(Task description)
Take the entries below and retype them word for word, excluding the images.

Excerpts from a dataset
============================================================

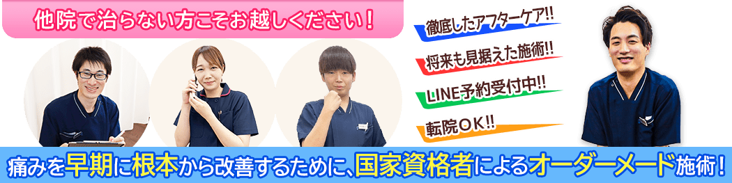 当院では、そのようなことにならないよう、将来を見据えた施術を行うとともに、施術後についてもしっかりとアドバイスさせていただきます。
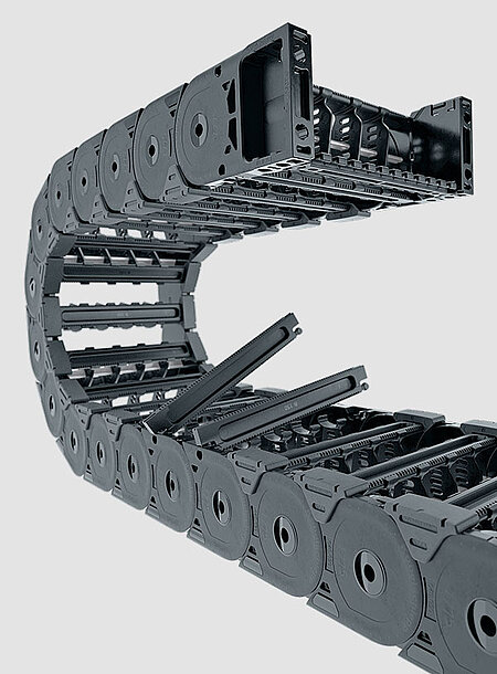 The extensive range of accessories allow cable carriers to be ideally adapted to your specific application. With the accessories for the cable carriers, the cable routing can be assembled from standard components to form a complete cable carrier system.
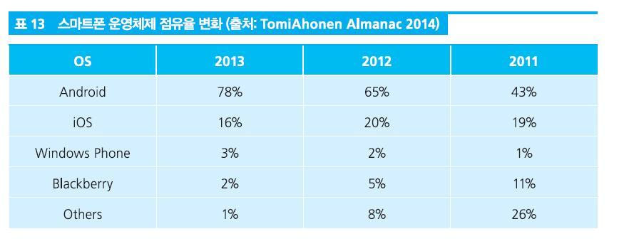 최근에 스마트 워치나 스마트 안경과 같은 웨어러블 디바이스의 보급이 확대되면서, 새로운 운영체제들이 속속 등장하고 있다. (안드로이드웨어와 타이젠)
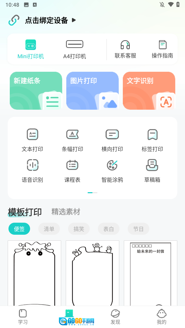 咕咕机是一款配合迷你便携打印机使用,将数字内容快速转化为纸质输出,如聊天记录、语音留言、学习资料等,融入了社交元素,比如“传纸条”和“语音纸条”,让沟通变得更有趣味,多种模板和素材,涵盖学习、办公等多个场景,帮助人们用纸张记录生活的点滴。
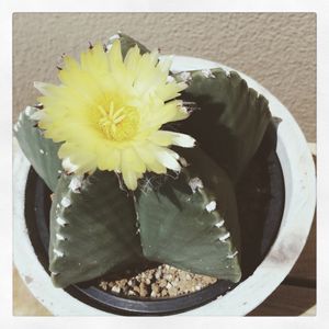 アストロフィツム属 碧瑠璃鸞鳳白玉 へきるりらんぽうしろたま このサボテンはきっと 美しさを追求するあまり 棘を捨て 白粉を塗り 丸玉を脱ぎ均整の取れた 5陵のフォルムをまとったのではと 考えるくらいの美しさ 人はそれに敬意を称し これでもかというくらいの 美しい名前を与えたのでは ないでしょうか 妄想つきませぬ 笑

============================================================

(Written reply)
 当院では、そのようなことにならないよう、将来を見据えた施術を行うとともに、施術後についてもしっかりとアドバイスさせていただきます。
 The extensive range of accessories allow cable carriers to be ideally adapted to your specific application. With the accessories for the cable carriers, the cable routing can be assembled from standard components to form a complete cable carrier system.
 최근에 스마트 워치나 스마트 안경과 같은 웨어러블 디바이스의 보급이 확대되면서, 새로운 운영체제들이 속속 등장하고 있다. (안드로이드웨어와 타이젠)
 咕咕机是一款配合迷你便携打印机使用,将数字内容快速转化为纸质输出,如聊天记录、语音留言、学习资料等,融入了社交元素,比如“传纸条”和“语音纸条”,让沟通变得更有趣味,多种模板和素材,涵盖学习、办公等多个场景,帮助人们用纸张记录生活的点滴。
 アストロフィツム属 碧瑠璃鸞鳳白玉 へきるりらんぽうしろたま このサボテンはきっと 美しさを追求するあまり 棘を捨て 白粉を塗り 丸玉を脱ぎ均整の取れた 5陵のフォルムをまとったのではと 考えるくらいの美しさ 人はそれに敬意を称し これでもかというくらいの 美しい名前を与えたのでは ないでしょうか 妄想つきませぬ 笑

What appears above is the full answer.